Lori is wired to continually think about things happening around volleyball, as many coaches are. She admitted that when they head home for the night, the coaching hat doesn’t necessarily come off, but Kylie welcomes the discussion.

“The poor thing doesn’t get any rest when it comes to getting coached because I am constantly coaching her,” Lori said of Kylie. “A lot of the time I’m harder on her, I probably yell at her more on things that she knows, but a lot of times I tell her ‘I say these things so the person next to you gets it. I can say it aggressively to you but I can’t say it aggressively to her but they’ll get the hint through you.'”

Lori said she learned ways to coach her daughter through watching other great Spartans coaches handle the situation, including former coach Darwin Sents and his daughters Kelsey and Riley.
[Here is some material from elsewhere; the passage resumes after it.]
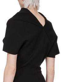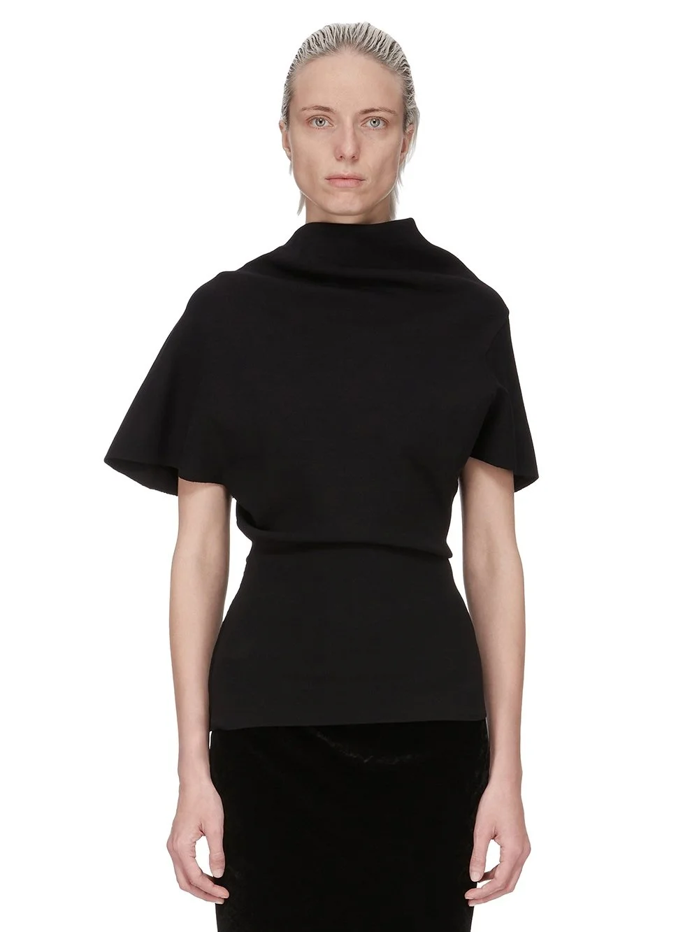 RICK OWENS FW25 CONCORDIANS DRAPED TOP IN BLACK STRETCH VISCOSE KNIT THIS DRAPED TOP IS ABOVE HIP LENGTH AND FEATURES A DRAPED COWL NECK THAT WIDENS INTO AN OPEN BACK NECK. IT HAS THREE BACK SEAMS THAT CREATE A SLIGHTLY OFF-CENTRE DETAIL WITH ABOVE-ELBOW SLEEVES, ONE REGULAR SHOULDER AND THE OTHER WIDER SLEEVE THIS MEDIUMWEIGHT VISCOSE KNIT IS COMPACT WITH A STRETCHY AND DRY HANDFEEL IT IS MADE WITH ECOVERO CERTIFIED VISCOSE WHICH ENSURES THAT THE FIBERS ARE PRODUCED FROM RESPONSIBLY MANAGED PLANTATIONS AND NO DEFORESTATION OCCURS COLOR: BLACK MATERIAL: 63% VISCOSE + 27% POLYESTER + 7% NYLON + 3% ELASTANE MODEL IS 181CM TALL MODEL WEARS SIZE S

“I learned that from a lot of different parent coaches, Grundy Center has had a lot of parent coaches so I’ve been able to learn what works and what doesn’t work,” Lori said. “It is tough because when we come home I continue the coaching sometimes a little too far, and there are times where I have to stop.”

Constantly being in contact with each other can fray some nerves, but ultimately it works out for the best, as these two recent state runs for Grundy Center has shown. Kyah said even before she was playing for the Spartans, she was watching her sister and how she handled her business.

“Watching her in the past and in club and all the tournaments, even when she was in the state tournament as a freshman,” Kyah said, “just watching her and knowing what to do and the way she acts really teaches me how I should act when I get up there and that’s what I do now.”

Since she’s now entering her third state tournament and final of her Grundy Center volleyball career, Landry said she has a simple message for Kyah and all the other underclassmen on the team. Don’t blink.

“Just live in the moment, don’t take anything for granted because it goes by super fast,” she said. “Honestly if you told me I was a freshman right now I’d probably believe you, it doesn’t feel like I’m a senior, but it’s just been a great experience and don’t take anything for granted.”

Grundy Center will start its run for a Class 2A title in the Iowa Girls’ State High School Volleyball Tournament with a first-round matchup against Sydney, starting at 4 p.m. on Wednesday at the U.S. Cellular Center in Cedar Rapids.